Waarom toetsing ingewikkeld is
Algoritmes kunnen consistent zijn waar mensen dat niet altijd zijn. Maar ze leren van historische data. En als die data al scheef zitten, leert het algoritme die scheefheid mee. Dat leidt tot indirect onderscheid. Het algoritme gebruikt zelf geen gevoelige kenmerken zoals etniciteit of geslacht. Toch komen bepaalde groepen vaker in de selectie terecht. Niet omdat iemand dat heeft bedoeld, maar omdat het patroon al in de data zat.
“Als een algoritme bijvoorbeeld gebruik maakt van postcodegebieden, heb je best een kans dat je bepaalde groepen oververtegenwoordigt,” zegt Schellekens. “Een postcode is een proxy.
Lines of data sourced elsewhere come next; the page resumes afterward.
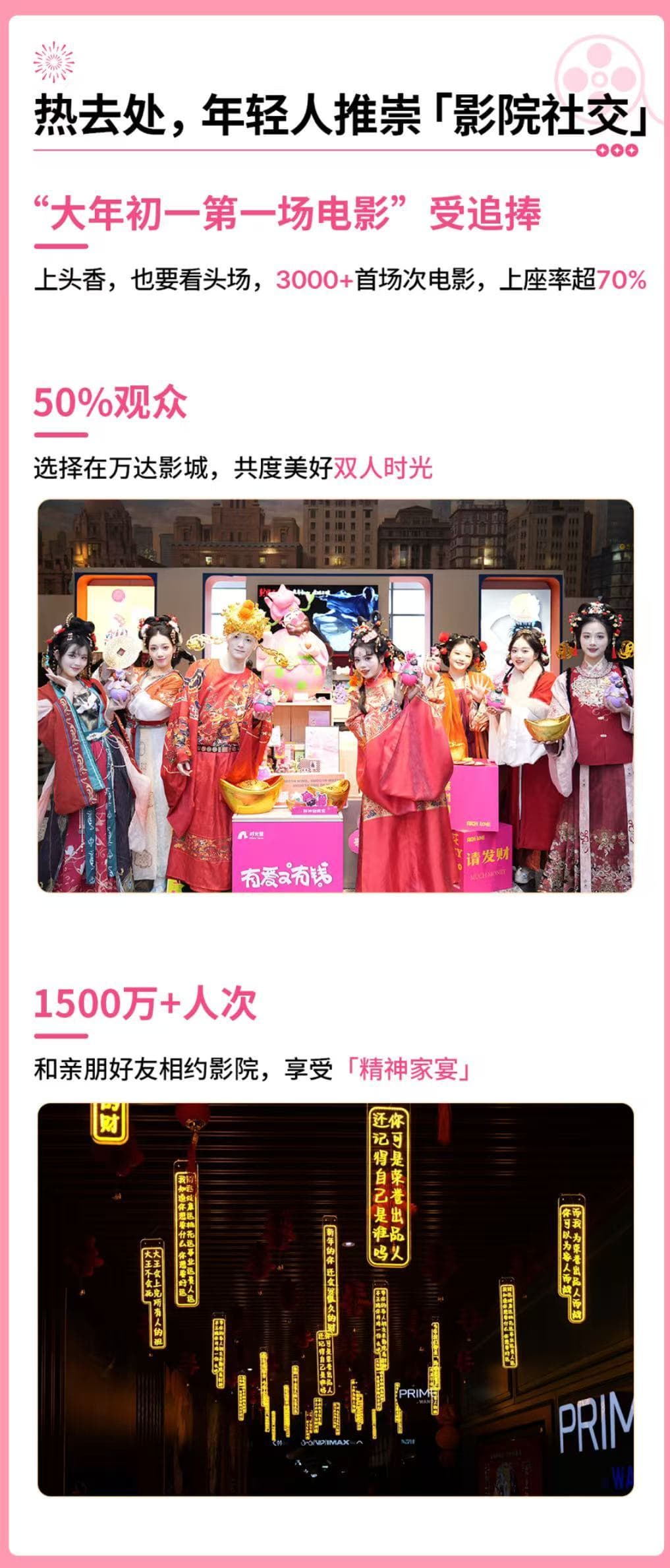 观影需要沉浸感,但银幕之外,年轻人也推崇“影院社交”。今年春节档,50%的万达影城观众,选择结伴而来,享受双人时光。有超过1500万人次的观众,是和亲朋好友一起,在万达影城品尝了“精神家宴”。玩梗、整活也应运而生,“新年的第一场电影”引得Z世代争相打卡:大年初一一早,有超3000场次的放映,上座率超过了70%。
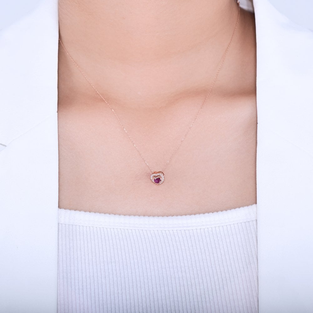 SPARKLD 9ct Rose Gold Diamond and Ruby Heart Pendant Necklace
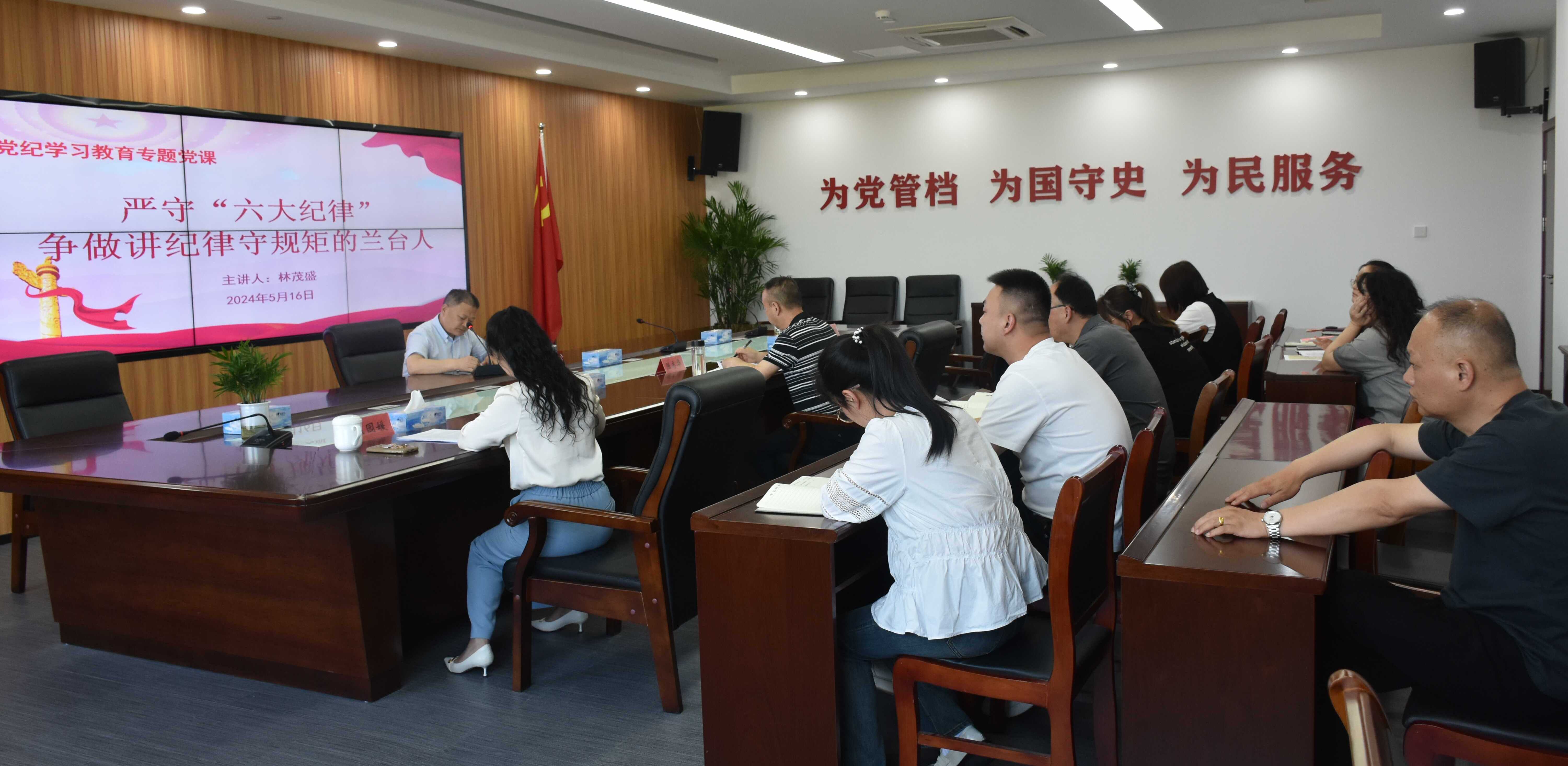 5月16日,市档案馆党纪学习教育读书班开班。市档案馆党组书记、馆长林茂盛出席开班式并作专题党课报告。
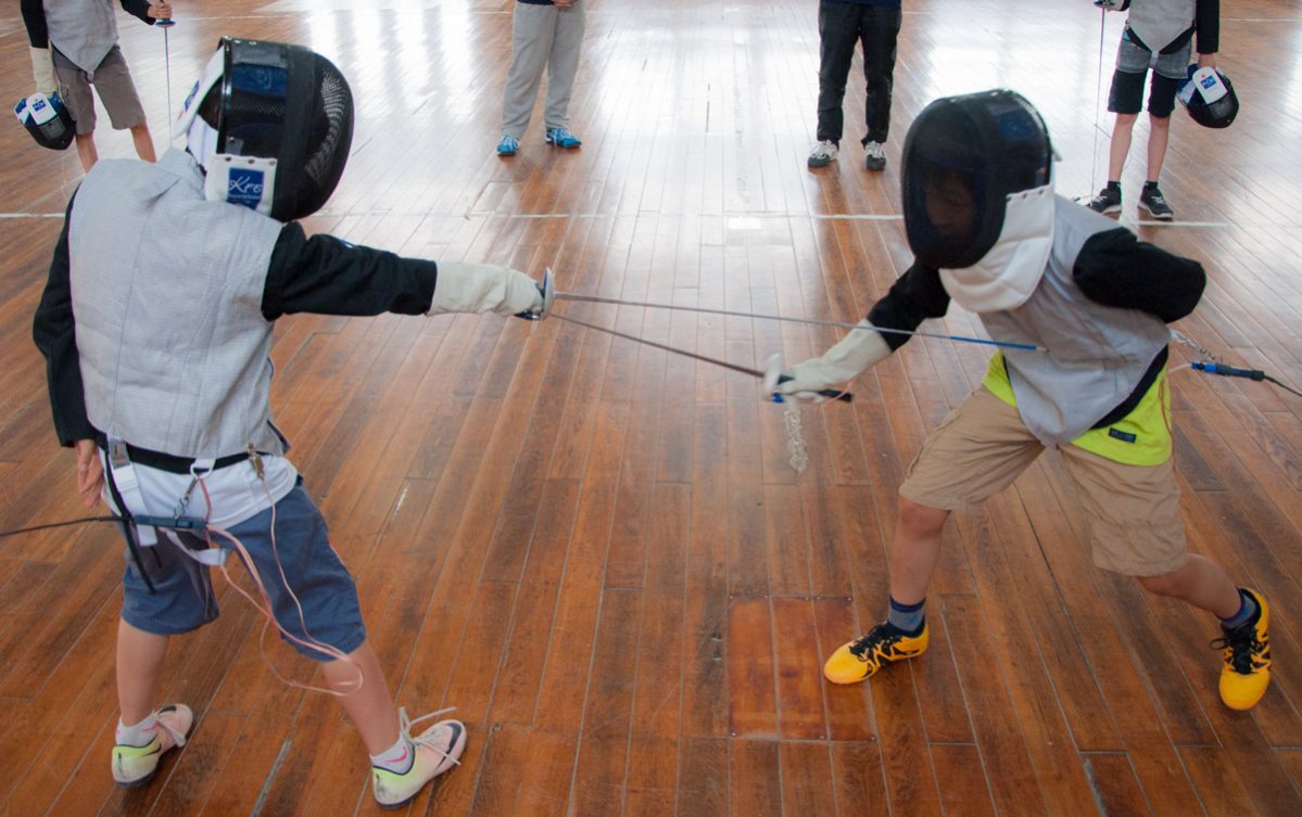 Aujourd’hui focus sur une activité périscolaire : l’escrime, animée par Aoi Narumi et Saki Oshima.
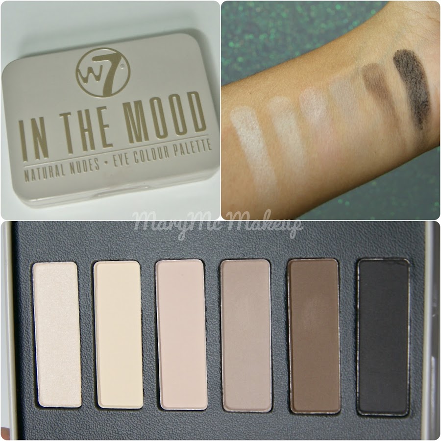 Paleta In the mood W7 (3.75€). Imitación de la Naked Basics, el packaging es una cajita de metal pero no pesa nada, las sombras como véis son iguales peeero...la pigmentación es bastante floja, son un poco tizosas aunque en el ojo se trabajan mejor.

Die kan indirect iets zeggen over bijvoorbeeld een migratieachtergrond.”
Volgens Schellekens lopen veel organisaties tegen vergelijkbare vragen aan. Hoe maak je mogelijke bias inzichtelijk, zonder onzorgvuldig om te gaan met gevoelige persoonsgegevens? Precies daar ziet de Adviesfunctie Verantwoord Datagebruik een gezamenlijke opgave voor overheden.
Beeld: © Bart Schellekens
De controle op de uitwonendenbeurs bij DUO maakte de gevolgen pijnlijk zichtbaar. Studenten met een niet-Europese migratieachtergrond kwamen twee keer zo vaak voor in de voorselectie van het algoritme. Een voorbeeld van vooringenomenheid in de data is dat vaker gecontroleerd werd bij studenten die dicht bij hun ouders woonden, terwijl kinderen van Turks-Nederlandse en Marokkaans-Nederlandse ouders gemiddeld dichter bij hun ouders wonen dan kinderen zonder migratieachtergrond. Daardoor hadden zij een grotere kans op controle.
Niet ieder verschil in uitkomsten betekent dat er automatisch sprake is van discriminatie. Juist daarom is het zo belangrijk om mogelijk onderscheid zichtbaar te maken. Zodat men kan beoordelen of dat onderscheid uitlegbaar en rechtmatig is.
Twee waarden vragen om balans
Biastoetsing is niet alleen een juridisch vraagstuk, zegt Schellekens. Het is ook een ethische afweging. Tijdens een datadialoog van de IBDS in november 2025 bespraken overheden, maatschappelijke organisaties en een burgerpanel hoever je kunt gaan in het gebruik van gevoelige persoonsgegevens om algoritmes te toetsen op discriminatie. Die verschillende perspectieven zijn nodig, volgens Schellekens. “Juist door die gesprekken krijg je scherper in beeld wat wel en niet verantwoord is.”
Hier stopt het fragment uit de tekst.